This year, World Oral Health Day is featuring pledges to inspire the general public, policymakers, healthcare professionals and other key stakeholders to "Unite for Mouth Health". (Image: FDI)
GENEVA, Switzerland: In light of World Oral Health Day (WOHD), which is being celebrated around the world today on 20 March 2020, FDI World Dental Federation released new statistics on the willingness of parents to limit their children’s sugar intake to ensure good oral health. The global survey, which was carried out by YouGov and commissioned by FDI, showed that less than half of parents proactively limit their children’s intake of sweets, carbonated soft drinks and juice as a means of protecting their teeth.
The survey asked parents with children aged under 18 years whether they had ever done anything to ensure that their children had good oral health and, if they had, what their actions had been. The results indicated that less than a third of parents in the US limit their children’s sugar intake, while parents in the UK are the most proactive, just over half of these parents indicating that they restrict sugar levels.
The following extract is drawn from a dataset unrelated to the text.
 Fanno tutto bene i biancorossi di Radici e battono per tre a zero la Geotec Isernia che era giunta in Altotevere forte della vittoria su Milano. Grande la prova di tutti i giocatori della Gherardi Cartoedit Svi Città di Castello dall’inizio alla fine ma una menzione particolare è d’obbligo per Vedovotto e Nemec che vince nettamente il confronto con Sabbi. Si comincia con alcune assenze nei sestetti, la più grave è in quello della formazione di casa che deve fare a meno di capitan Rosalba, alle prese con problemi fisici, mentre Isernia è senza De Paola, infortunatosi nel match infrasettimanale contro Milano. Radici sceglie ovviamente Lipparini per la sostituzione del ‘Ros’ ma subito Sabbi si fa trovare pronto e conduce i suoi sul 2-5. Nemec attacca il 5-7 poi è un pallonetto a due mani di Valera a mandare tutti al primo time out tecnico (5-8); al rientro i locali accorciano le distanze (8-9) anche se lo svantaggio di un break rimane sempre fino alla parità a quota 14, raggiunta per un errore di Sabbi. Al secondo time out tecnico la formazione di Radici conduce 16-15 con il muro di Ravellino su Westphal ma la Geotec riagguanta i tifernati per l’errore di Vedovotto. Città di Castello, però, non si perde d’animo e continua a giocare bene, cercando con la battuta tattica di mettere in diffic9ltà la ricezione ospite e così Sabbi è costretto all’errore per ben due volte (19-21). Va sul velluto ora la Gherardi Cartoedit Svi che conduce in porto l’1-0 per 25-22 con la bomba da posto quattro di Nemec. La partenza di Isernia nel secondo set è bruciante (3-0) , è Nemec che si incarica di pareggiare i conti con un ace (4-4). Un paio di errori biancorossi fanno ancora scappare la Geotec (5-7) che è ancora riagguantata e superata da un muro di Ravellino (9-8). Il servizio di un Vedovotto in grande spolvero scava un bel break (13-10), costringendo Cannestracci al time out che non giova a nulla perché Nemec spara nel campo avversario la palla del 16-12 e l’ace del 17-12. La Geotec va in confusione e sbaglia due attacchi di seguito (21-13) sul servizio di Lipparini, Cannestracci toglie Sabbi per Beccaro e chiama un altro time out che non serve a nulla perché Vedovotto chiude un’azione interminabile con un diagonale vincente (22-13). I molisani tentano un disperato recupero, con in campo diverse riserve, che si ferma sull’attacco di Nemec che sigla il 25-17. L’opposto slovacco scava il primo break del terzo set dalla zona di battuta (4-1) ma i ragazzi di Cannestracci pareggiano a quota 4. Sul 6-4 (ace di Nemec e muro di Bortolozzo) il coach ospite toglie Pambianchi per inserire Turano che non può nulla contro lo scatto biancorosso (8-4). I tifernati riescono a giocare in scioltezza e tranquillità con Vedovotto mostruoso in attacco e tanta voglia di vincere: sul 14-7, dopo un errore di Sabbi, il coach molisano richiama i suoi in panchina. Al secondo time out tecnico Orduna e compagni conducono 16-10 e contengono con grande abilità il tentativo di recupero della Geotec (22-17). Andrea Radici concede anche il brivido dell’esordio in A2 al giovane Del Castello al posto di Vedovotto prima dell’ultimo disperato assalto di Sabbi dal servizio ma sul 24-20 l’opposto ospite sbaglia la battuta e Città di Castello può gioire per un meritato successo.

Parents in the UK were also ranked top for taking their children at least once a year for a dental check-up, whereas less than half of parents in the other nine countries did so.
“Oral disease is a big part of a largely preventable disease burden, and these survey results demonstrate that we are just not doing enough to avoid oral health problems at an early age,” said Dr Gerhard K. Seeberger, president of FDI. “The oral health profession has largely existed as a separate specialty divorced from medicine and medicine’s education system, but the intense debate around sugar over the past few years only illustrates the fallacy of working in silos. It is simply unproductive to be discussing sugary drinks and their link to the obesity epidemic without factoring in the obvious impact they have on the oral health of children,” he continued.
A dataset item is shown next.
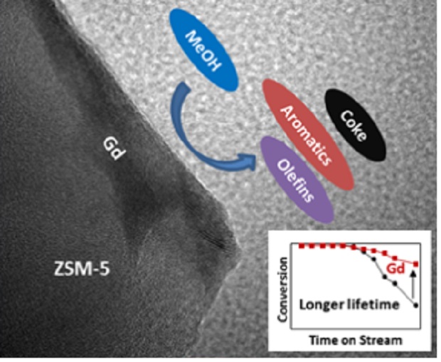 기존 제올라이트 촉매는 24시간 내로 초기촉매활성의 30% 이하로 떨어지는 단점이 있다. 그런데 새로 개발된 촉매는 24시간 후에도 초기촉매활성의 80% 이상 유지시킬 수 있다. 논문의 1저자인 김성탁 박사는 “희토류 금속인 가돌리늄을 제올라이트 표면에 코팅하게 되면 나노두께의 필름을 형성하고, 이 필름이 표면의 물리화학적 특성을 변화시켜 촉매 표면에 탄소생성을 저해하고 촉매의 수명이 연장되는 효과를 보인다”고 말했다.
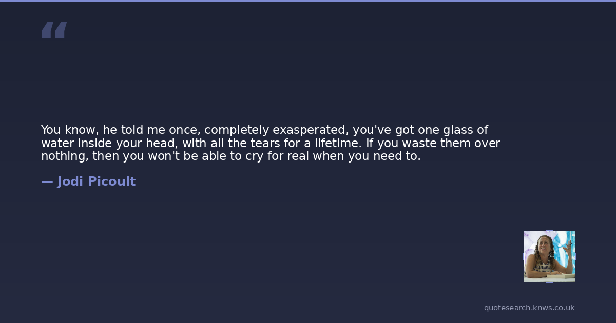 You know, he told me once, completely exasperated, you've got one glass of water inside your head, with all the tears for a lifetime. If you waste them over nothing, then you won't be able to cry for real when you need to.

Oral health continues to be one of the most neglected areas of global health. The tragedy is that oral disease is a silent epidemic afflicting some 3.58 billion people—more than half the world’s population—but it is largely preventable. Oral diseases, such as dental caries, periodontal disease and oral cancer, are the most common forms of preventable non-communicable diseases and affect people throughout their lifetimes, causing pain, discomfort, disfigurement and even death. The collective failure to prevent oral disease costs the world economy some €408 million ($442 billion).
Much of the neglect is down to one main barrier: high treatment costs. Oral diseases are the fourth most expensive out-of-pocket diseases to treat. Furthermore, political impetus to change this scenario has been largely absent, owing in part to the fact that, historically, the mouth has been treated separately from the body in healthcare policy-making.